Впервые я поняла, какая чудовищная подмена понятий свершилась в западной цивилизации, когда прилетела (будучи изгнанной) в Вену. Одна австрийская газета написала «Горичева выбрала свободу». И бесполезно было объяснять, что «ничто не отделит нас от любви Божьей», что, если ты — христианин, можно быть свободной и в тюрьме, и в психушке. Напротив, в окружении западных внешних красот, развлечений и удовольствий теряешь мысль о Едином на потребу, а значит, и внутреннюю свободу.

Когда я сразу после отъезда из СССР давала в Вене свои первые интервью (прилетели журналисты многих крупнейших изданий и телеканалов), то потом, просматривая их, я с ужасом видела, что все, что «о Боге и о Церкви», было вырезано. Осталась лишь «война в Афганистане», тяжести советского быта, антикоммунизм. Тогда мне стало ясно, как я ошибалась, радуясь, что мы прибыли в «свободную Европу», где (как я раньше думала) все используют «демократию», чтобы любить, молиться, писать стихи.

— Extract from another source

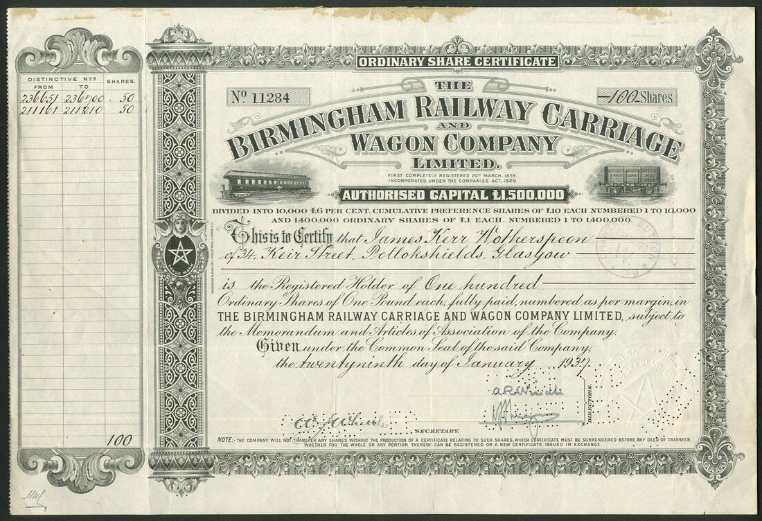 Great Britain: Birmingham Railway Carriage and Wagon Company Limited, £1 shares, 19[37], #11284, attractive piece with vignettes of passenger and goods railway carriages, black, printed by Waterlow & Sons, perforated cancelled. Originally founded in 1854 in Smethwick, Birmingham as the Birmingham Wagon Company, name changed in 1878. Primarily known for its excellent and extensive production of locomotives and carriages, the company also built Handley Page bombers and other aircraft during WWI and Churchill, Cromwell and Challenger tanks during WWII. VF and scarce.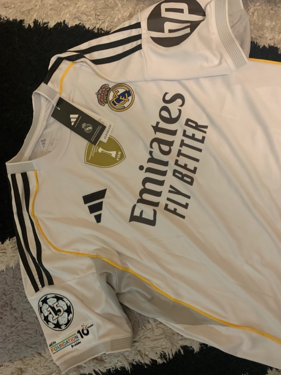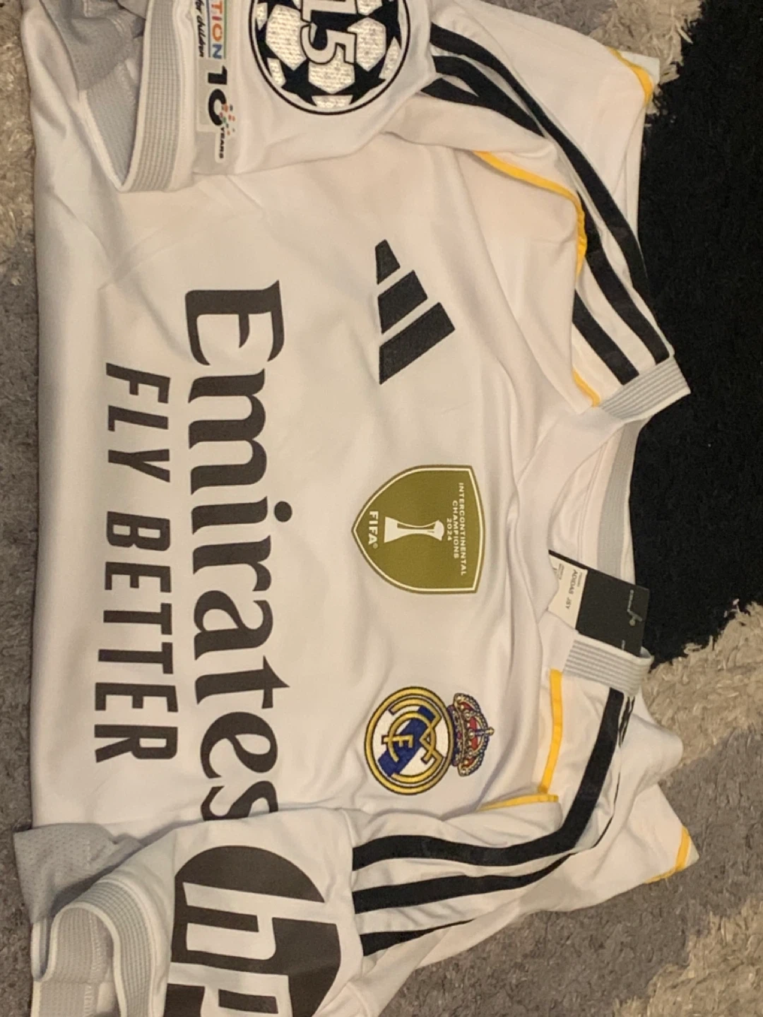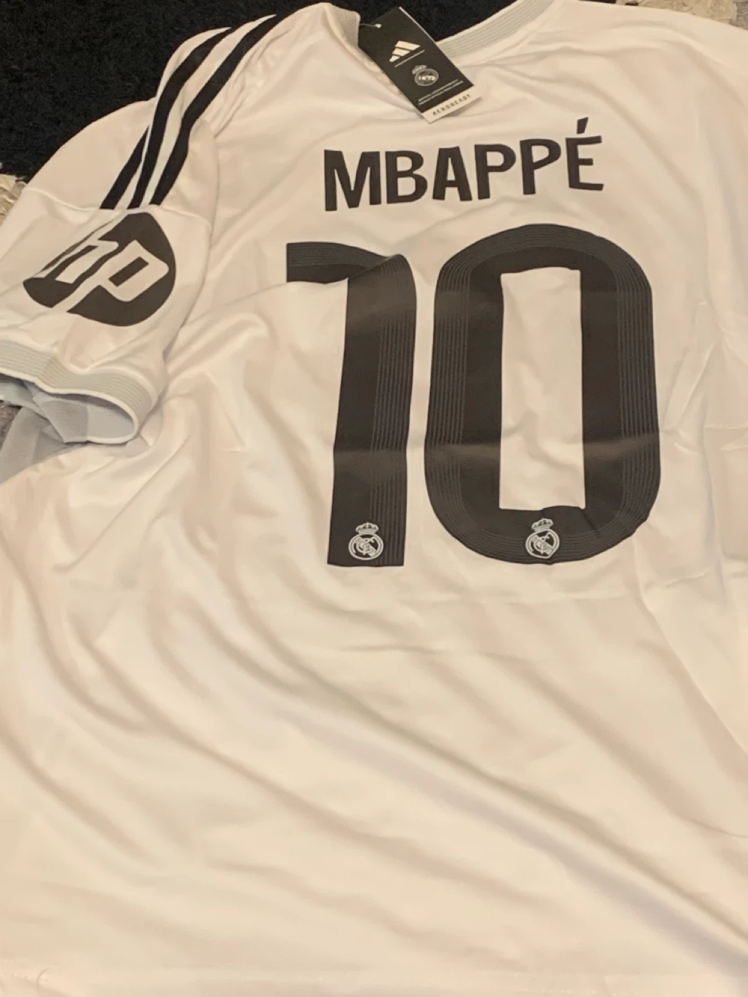 15Selling a brand new Adidas Real Madrid jersey with Mbappe #10 on the back! It's a size large and in perfect condition. Features the Emirates Fly Better logo and the Real Madrid crest. A great jersey for any Real Madrid fan!

- А насколько вообще сочетаются свобода и материальный достаток, свобода материального выбора, которую мы ассоциируем с Западом? Не противоречат ли они на самом деле друг другу?

- Материальный достаток доконал Европу. Вместо выбора между Богом и дьяволом, жизнью и смертью, западный человек совершает выбор между двумя марками машин. Отсюда — его мелкость и то, что сказал о среднем европейце Константин Леонтьев: «средний европеец как орудие всеобщего уничтожения».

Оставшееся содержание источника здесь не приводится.